Planning Robot Placement for Object Grasping
Manish Saini, Melvin Paul Jacob, Minh Nguyen, Nico Hochgeschwender

TL;DR
This paper introduces a novel robot placement planning method for object grasping that prioritizes collision-free and feasible positions before evaluating their effectiveness, improving grasp success in complex environments.
Contribution
The paper presents a new approach that finds feasible robot placements based on environmental data and reachability, reducing reliance on costly grasp planners and enhancing grasp success.
Findings
The approach enables grasping from challenging locations.

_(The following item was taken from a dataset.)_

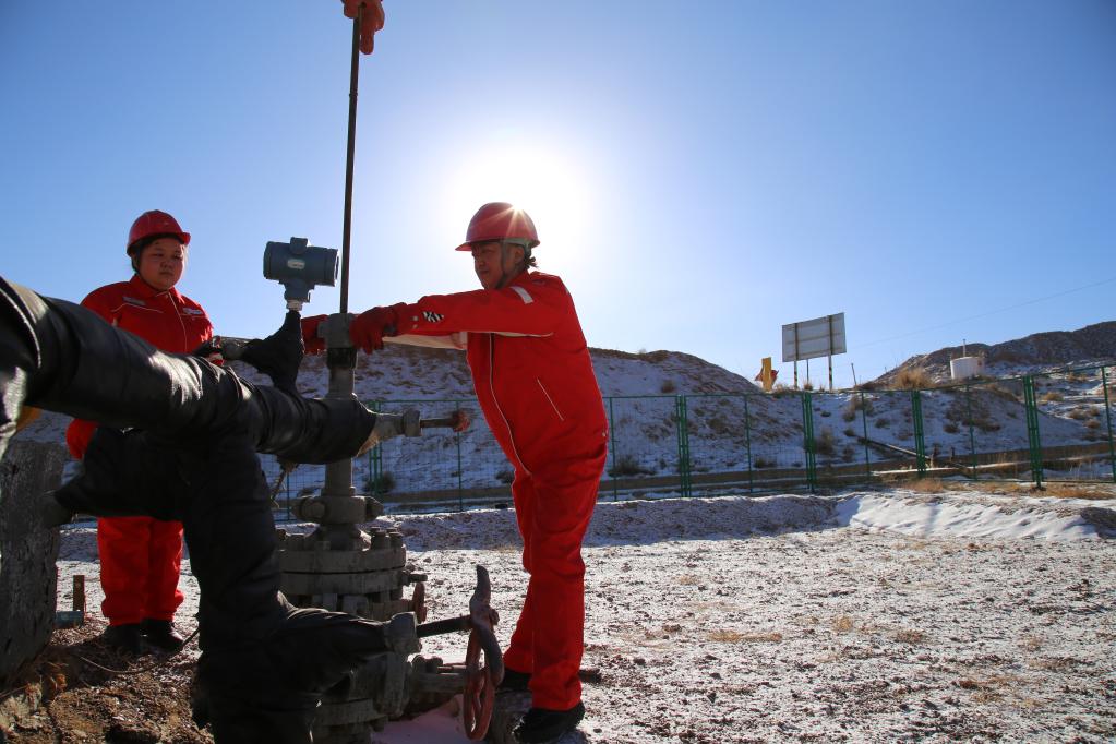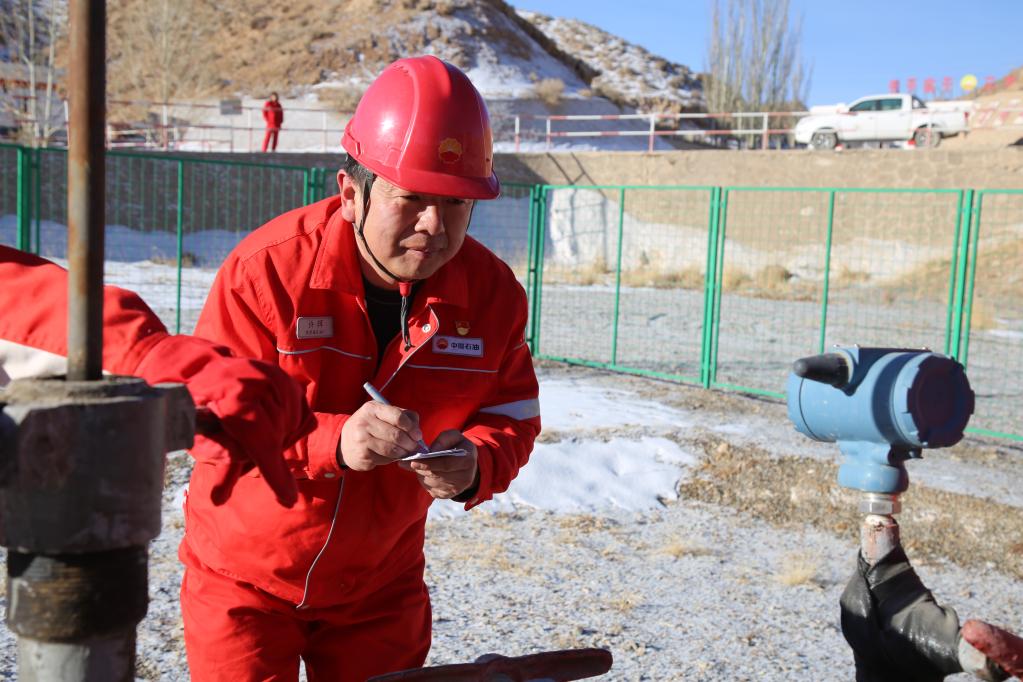 立春已过,玉门油田老君庙采油厂所在的祁连山南麓依旧天寒地冻。天刚微亮,山野苍茫,其间一小片鲜艳的红色格外显眼。那是身着红色工作服的603岗岗位长许辉和他的同事们,此刻他们已经开完了班组会,正冒着严寒执行当天的巡井任务。

Experimental results outperform a fixed navigation baseline.
The method effectively integrates environmental perception and reachability.
Abstract
When performing manipulation-based activities such as picking objects, a mobile robot needs to position its base at a location that supports successful execution. To address this problem, prominent approaches typically rely on costly grasp planners to provide grasp poses for a target object, which are then are then analysed to identify the best robot placements for achieving each grasp pose. In this paper, we propose instead to first find robot placements that would not result in collision with the environment and from where picking up the object is feasible, then evaluate them to find the best placement candidate. Our approach takes into account the robot's reachability, as well as RGB-D images and occupancy grid maps of the environment for identifying suitable robot poses. The proposed algorithm is embedded in a service robotic workflow, in which a person points to select the target…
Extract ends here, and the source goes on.